** Opening Task data block **

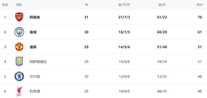 在积分榜上,阿森纳以70分高居榜首。曼城掉链子,总积分只有61分,排名第2。曼城落后9分之多。显然,英超冠军归属已经基本失去悬念。曼城争冠只存在理论上的可能性。曼联51分,排名第3。第4的阿斯顿维拉也是51分。切尔西输球,依然是48分,排名第5。利物浦比切尔西少赛一场,也是48分,排名第6。热刺只拿到29分,排名第16。
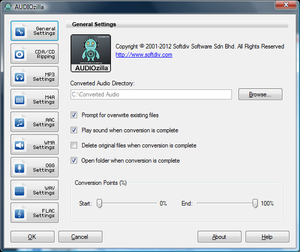 Audiozilla je aplikace pro hromadnou vzájemnou konverzi multimediálních audio souborů typu MP3, M4A, AAC, OGG, WMA, FLAC, AU, WAV, AIFF, MP2, AC3, AU, APE, MPC, MOD, VOC, CAF, RAW, PCM, GSM, VOX a WV. Program rovněž umožňuje konverzi audio CD do hudebních souborů a samozřejmostí je možnost nastavení kvality (bitrate) výstupních souborů.
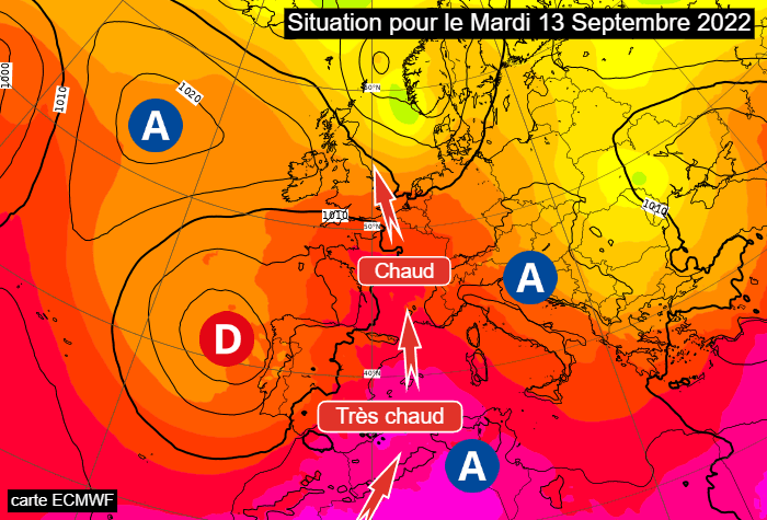 Situation à échelle continentale ce mardi 13 septembre 2022 - carte ECMWF
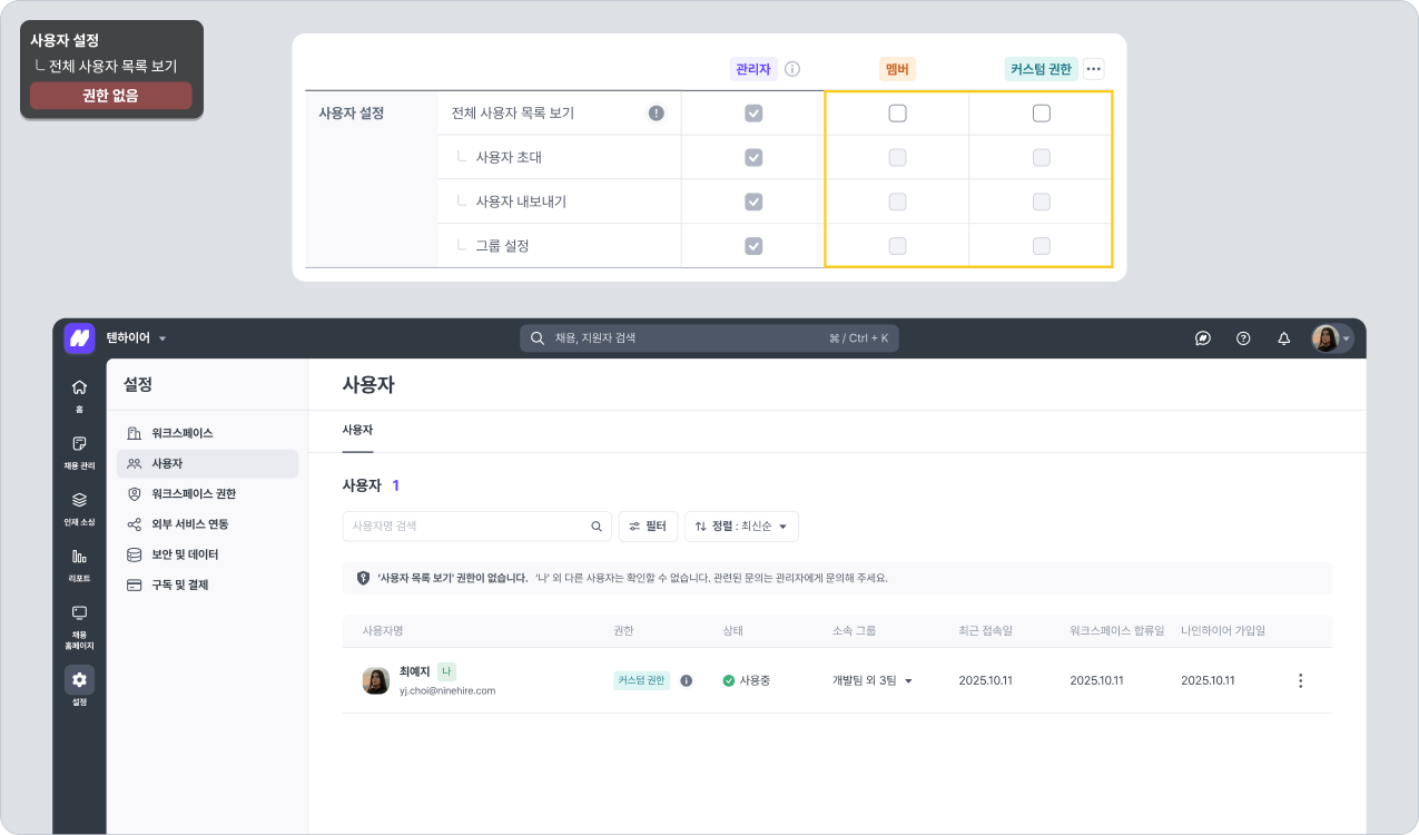 [멤버] 권한과 [커스텀] 권한의 경우 아래와 같은 설정이 가능합니다.
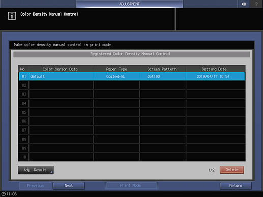 Touch panel - [MACHINE] - [Adjustment] - [Quality Adjustment] - [Color Density Control] - [Color Density Manual Control]
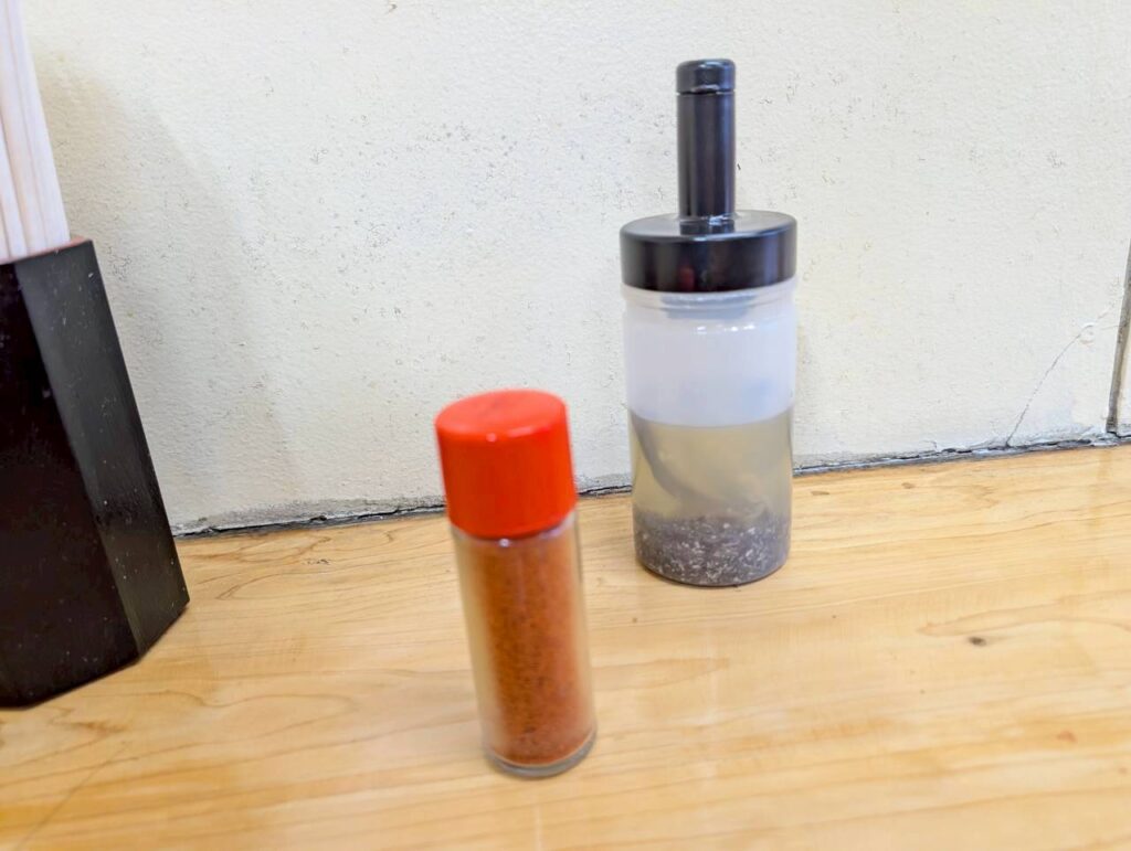 卓上の味変用イリコオイルをかけると、やや粗野なイリコ感が足されてまた良いですね。
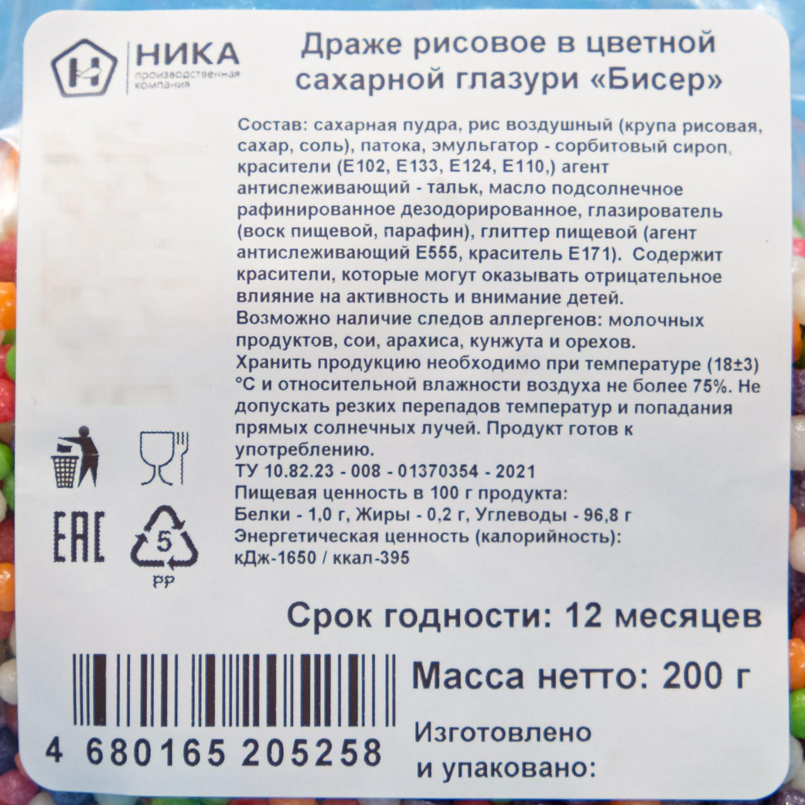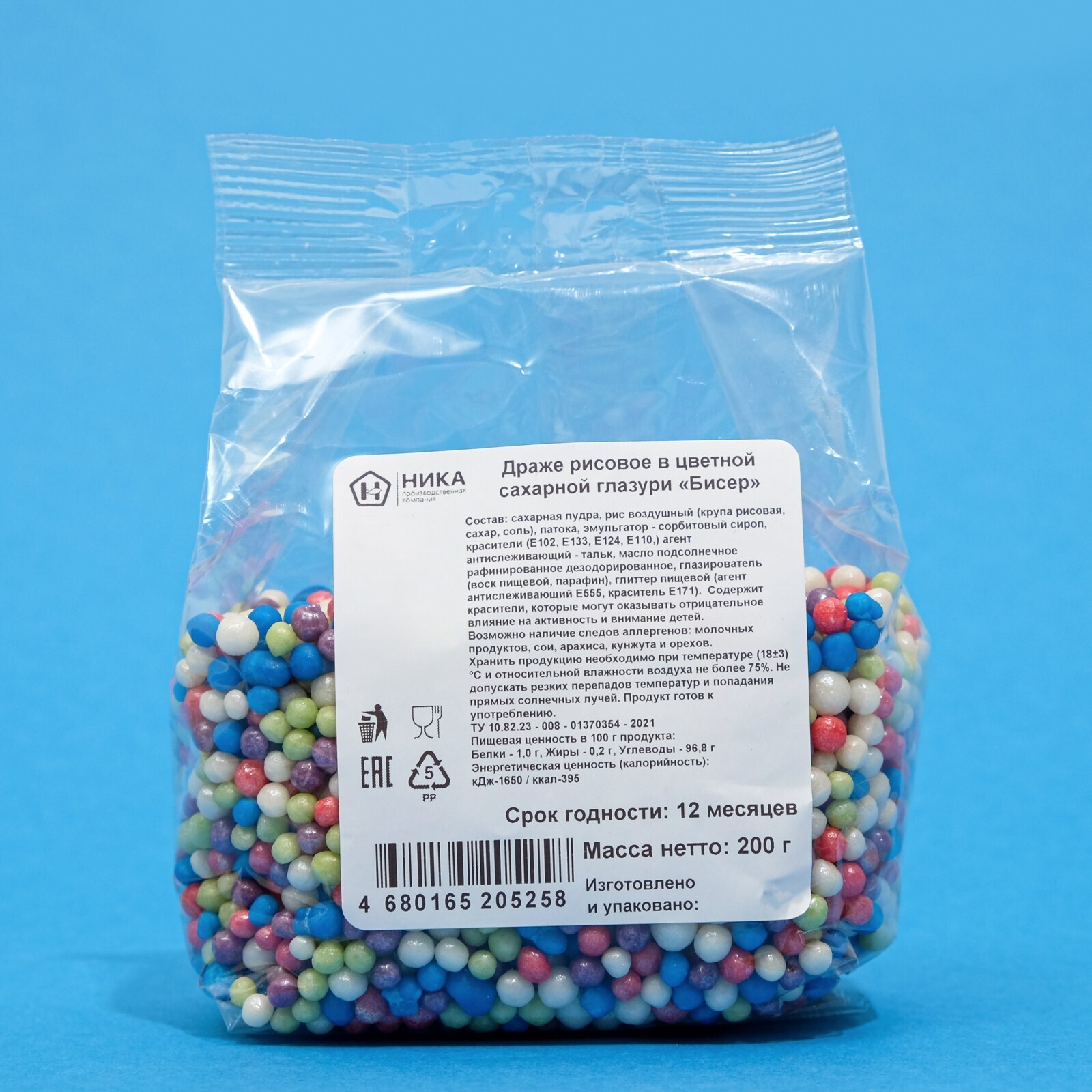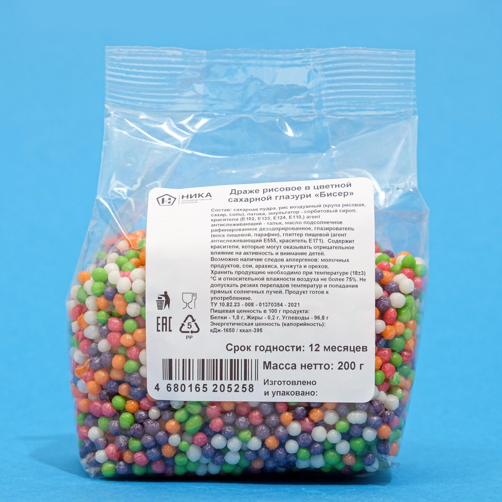 Драже рисовое в цветной сахарной глазури "Бисер" 200г*20

** Closing Task data block **

▸ Exercise aim:
Quote every record above exactly, leaving out the pictures.

▸ Response box:
 在积分榜上,阿森纳以70分高居榜首。曼城掉链子,总积分只有61分,排名第2。曼城落后9分之多。显然,英超冠军归属已经基本失去悬念。曼城争冠只存在理论上的可能性。曼联51分,排名第3。第4的阿斯顿维拉也是51分。切尔西输球,依然是48分,排名第5。利物浦比切尔西少赛一场,也是48分,排名第6。热刺只拿到29分,排名第16。
 Audiozilla je aplikace pro hromadnou vzájemnou konverzi multimediálních audio souborů typu MP3, M4A, AAC, OGG, WMA, FLAC, AU, WAV, AIFF, MP2, AC3, AU, APE, MPC, MOD, VOC, CAF, RAW, PCM, GSM, VOX a WV. Program rovněž umožňuje konverzi audio CD do hudebních souborů a samozřejmostí je možnost nastavení kvality (bitrate) výstupních souborů.
 Situation à échelle continentale ce mardi 13 septembre 2022 - carte ECMWF
 [멤버] 권한과 [커스텀] 권한의 경우 아래와 같은 설정이 가능합니다.
 Touch panel - [MACHINE] - [Adjustment] - [Quality Adjustment] - [Color Density Control] - [Color Density Manual Control]
 卓上の味変用イリコオイルをかけると、やや粗野なイリコ感が足されてまた良いですね。
 Драже рисовое в цветной сахарной глазури "Бисер" 200г*20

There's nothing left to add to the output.